In 2011, Christie’s auctioned off the late actress’s extensive jewelry collection, in a much-hyped, record-breaking sale that garnered over $183 million.
One of the lots, however, has proved a problem: The Taj Mahal, a diamond and ruby necklace given to Taylor by then-husband Richard Burton in 1972. The Taj (pictured) fetched $8.8 million at the 2011 sale.
Shortly afterward, its buyer asked for his purchase to be canceled, as the item did not, as he believed, once belong to Mughal emperor Shah Jahan. Christie’s obliged and reversed the sale.
Christie’s then asked the Trust for the sale proceeds back. But the Trust has so far refused.
In a complaint filed May 11 in New York Supreme Court, the Trust said that the Christie’s catalog never warranted that the Taj Mahal belonged to Shah Jahan, only that it was “Indian.” It says that any other provenance claims were made by Christie’s representatives in public appearances, that “went beyond the language of the catalogue.”

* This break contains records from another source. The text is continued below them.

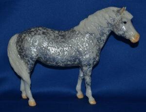 Glossy silver filigree; bald face; white mane and tail; BreyerFest and Web SR; 1/1200 - with bag and magnet
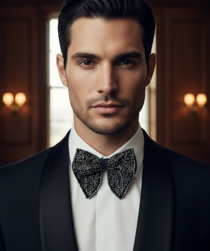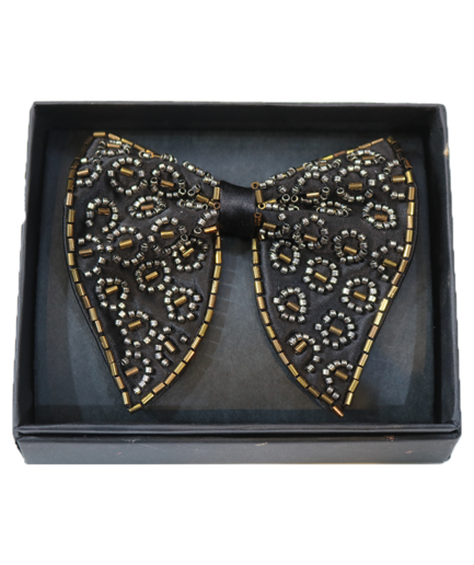 Men’s Black Hand-Embroidered Metallic Beaded Bow Tie
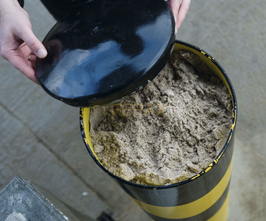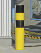 BOLARDO TUBO DE 6" CON PINTADO DE AMARILLO, CON CINTAS REFLEJANTES NEGRAS, Y RELLENO DE CEMENTO
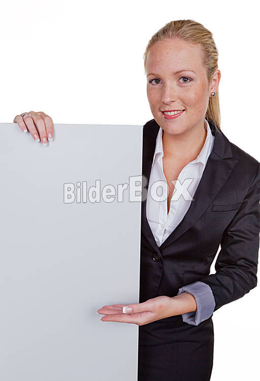 Beschreibung Eine junge hübsche Frau in Business Kleidung mit einer leeren Werbetafel.
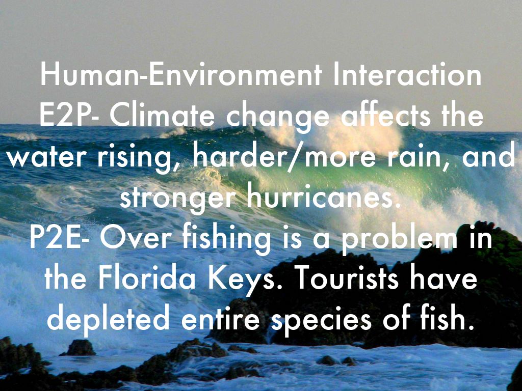 Human-Environment Interaction E2P- Climate change affects the water rising, harder/more rain, and stronger hurricanes. P2E- Over fishing is a problem in the Florida Keys. Tourists have depleted entire species of fish.
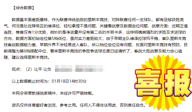 (温馨提示:观点回顾为已完场赛事的统计,并不能代表未来的观点预测结果走势,观点仅为其个人意见,与平.台无关。资讯仅供体育爱好者浏览,并不构成购.彩建议,任何人不得用于非法用途,请广大用户理性消费。)

The Trust also claims that Christie’s has failed to remit the proceeds of a $2.9 million Bulgari ring it sold as part of the auction.
Christie’s could not be reached for comment. However, in a prior motion to dismiss, the auction house noted the two parties’ consignment agreement says that, in the event of nonpayment, Christie’s can cancel sales “at [its] sole discretion.”
This is the second time the two parties have legally battled over the Taj Mahal. Prior litigation over the diamond ended December 2015, when the two parties agreed to drop the lawsuit and work together to sell it.